July 21, 2010


County considers energy upgrades

Legislators want more info on $2.5 million project to replace lighting, boilers

Staff Reporter

For nearly $2.5 million, the County Office Building, Courthouse and Public Safety Building would receive lighting upgrades and boiler replacements by early 2012 if legislators approve an agreement with the New York Power Authority next month.
At a special meeting Tuesday of the Buildings and Grounds Committee, NYPA Project Manager Dave Laney told legislators the county would pay off loans from the project in 10 years through annual payments of approximately $300,130 to NYPA through its financing plan.
Laney projects that the county would recapture its expense over 26.5 years with energy savings of approximately $113,211 annually.
NYPA cannot guarantee the energy savings because it does not know how the county will use its buildings, Laney said.
According to the project time line, the bidding could be done in September of this year and construction would begin in September 2011 with the project completed by November 2011.
Since legislators on the committee had not received the final design plan from the Power Authority’s Amherst-based engineering consultant, Wendel Energy Services, they did not endorse the project Tuesday but will review it in depth at a special meeting in August.
Officials are also considering if the needed upgrades could be done in other ways at less of a cost, for example in-house or through a private company.
Maintenance Department Supervisor Brian Parker said the boilers need to be replaced and the new energy management system would allow for greater temperature control throughout the buildings.
The two boilers that heat the Courthouse, dating back to 1973 and 1987, are approaching the end of their life span.

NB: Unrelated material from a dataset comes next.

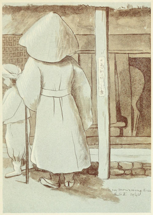 [4] Dr. Arthur Smith, the well-known authority on Chinese customs, told me that the reason for the non-burial of children in China is due to the fact that they are not recognised as an integral part of the family till after marriage. Consequently it is not uncommon to marry them after death, in order to be able to give them an adopted son to perpetuate the family, and to offer worship at the ancestral shrine. In one case of which he knew, the corpse of the bride was carried with great pomp to the village where the bridegroom had lived, and they were both buried together.

Four other boilers that heat the county office building are from 1987, said Parker, and would be replaced with two more efficient boilers under the plan.
The boilers would be replaced at a cost of approximately $622,330.
Parker said energy upgrades in the Courthouse and County Office Building would increase temperature control.
Because of the way the County Office Building’s temperature is currently controlled by a panel zoned for the auditorium, gymnasium, third floor and the rest of the building, Parker said the system is not a precise way to heat the building.
The new system would control the temperature through a more sophisticated computer system.
The energy management upgrades would cost approximately $590,000.
The lighting upgrades at the jail, Courthouse, County Office Building, Department of Public Works and airport would cost a total of $291,011.
A chiller in the air conditioning system would be replaced at the County Office Building for $190,800.
The $2.5 million total cost includes material, labor, design, administrative costs and other incidentals. After financing, the cost is approximately $3 million.
Parker said he thinks NYPA’s plan is a cost-effective solution to the problem.
“This needs to be done and this is probably the most logical solution to the problems,” Parker said.
He pointed to NYPA’s current 0.7 percent interest rate, which is variable and projected to average 4 percent over the 10 years, saying those are good rates.
Parker said if the county does not proceed with the project he will not be able to make any recommendations for how to do the upgrades that would not necessitate the county bonding for the work. He said he does not have staff in-house to do the work.
Legislator Ray Parker (D-2nd Ward) said he wants to see the full report before he makes a decision about whether this is a project he thinks the county should undertake.
“This is a 2 1/2 year project and it does need to be acted on in a timely manner,” he said. But he said Tuesday’s presentation did not give him enough information.
Legislator Eugene Waldbauer (R-Cortlandville) is concerned that the energy savings are not guaranteed.
Waldbauer is also concerned that the upgrades might not yield dramatic enough improvements to merit the expense.